The Pavilion for the International Exhibition of Modern Decorative and Industrial Arts in 1925 had to be a celebration of the survival and renewal of Printemps, rising like a phoenix from the fires, an advertisement for the first department store to display furniture and design. The architects were as famous as the store itself: Henri Sauvage (1873-1932) and his collaborator Georges Wybo, was was the chief architect of the store itself. Sauvage had been one of the pioneers of Art Deco architecture but also excelled in functionalist architecture and in decoration. He and the architect of the Le Bon Marché Pavilion used the cast iron support columns of the station at Les Invalides which was under the building to support the structures above. As the book, The Architectural Drawings of Henri Sauvage: Architectural works, c. 1905-1931, reported, “Given the fragility of the Invalides Station roof on top of which the building was erected, its was necessary to bear the load on the existing supports by means of reinforced concrete girders carrying the cantilevered pavilion posts.” The Pavilion was dominated by a remarkable frustoconical “dome” that expanded outward from its clipped-off top, enabling the architects to encompass the entire template allotted to them by the officials of the Fair. In fact, as Victoria Charles and Klaus H. Carl pointed out that the architectural use of “..reinforced concrete dominated the event.” They added that while architects had used concrete in a utilitarian mode, it could “assume, on the contrary, a certain elegance. Even if the Exhibition did not help the new concept of construction progress on a technical level, the date is marked in the history of its diffusion. It accustomed the eyes to its bond spans, its simple shapes, and its large cantilever overhangs. It established its recognition.”
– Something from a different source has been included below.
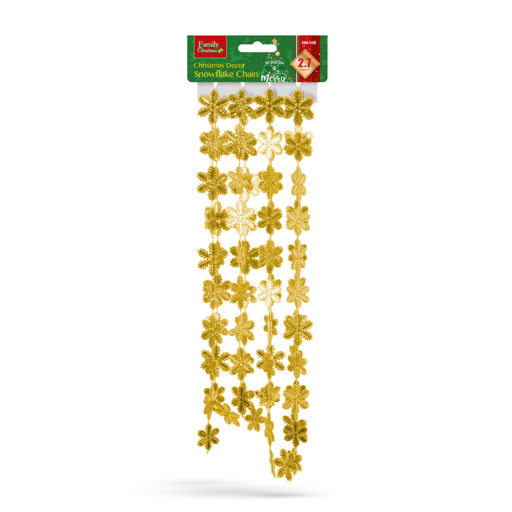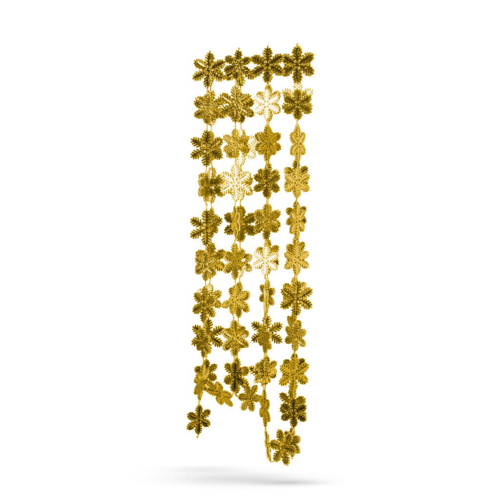 Díszítse otthonát, karácsonyfáját a szeretet ünnepén is. A csillogó, arany kis hópelyhek meghitt hangulatot varázsolnak otthonába. A 2,7 méter hosszú girland nagyméretű karácsonyfákon is jól mutat. A környezeti fények csillogása kelti igazán életre!

The dome, which quoted the one on the store itself, was built by the Etablissements Perret Company and made of vitreous cement, manufactured by Jean Séailles and his partner Eugène Freyssinet. This kind of cement was a relatively new product, used by Séailles to coat the sides of the Printemps swimming pool in the store’s Salon d’Automne. L’architect magazine of 1925 described the process: “In order to occupy the maximum volume, the architect has ultimately been required to completely fill the imposed template. The result was a very simple envelope which was very richly coated with precious materials. Indeed, all the bases are executed in vitrified cement called “Lap d’Or” of which we have already seen a first application in the Spring Pool. The cement designs are nipped with filaments of gold drowned in the mass and crowned by a cornice with a mosaic of black and gold sandstone. The reinforced concrete roof lined with straw compressed in its lower part, to maintain the freshness of the premises in summer, it is covered with large glass lenses cast, executed by Lalique and giving a little impression of big pebbles with a general tone light chamois. Light hidden concealed fireplaces throw their fires on the facades and the cover.” The magazine elaborated further adding that René Lalique, the artist-decorator, designed “the reinforced concrete roof lined with compressed straw (solomite) with colored glass lenses resembling pebbles.” The effect, as the magazine suggested, was as if colored stones were shining from a journey tumbling down a stream of rushing water. The book on Sauvage described the “gold and black mosaic tiling cornice” made by Gentil and Bourdet and that the wrought iron main door was made by Mozer. The author and editor, Jean-Baptiste Minnaert, noted that “at night the facades of the pavilion were spot-lit.” The book’s section on the Pavilion continued, “The Pavilion did not always get good press. Criticism was leveled at the lack of harmony between the openings requested by the Primavera studios and the interior decoration, decided upon later. The interior layout program, the home of a great artist, was a disconnected suite of juxtaposed rooms. The Pavilion has since been demolished.”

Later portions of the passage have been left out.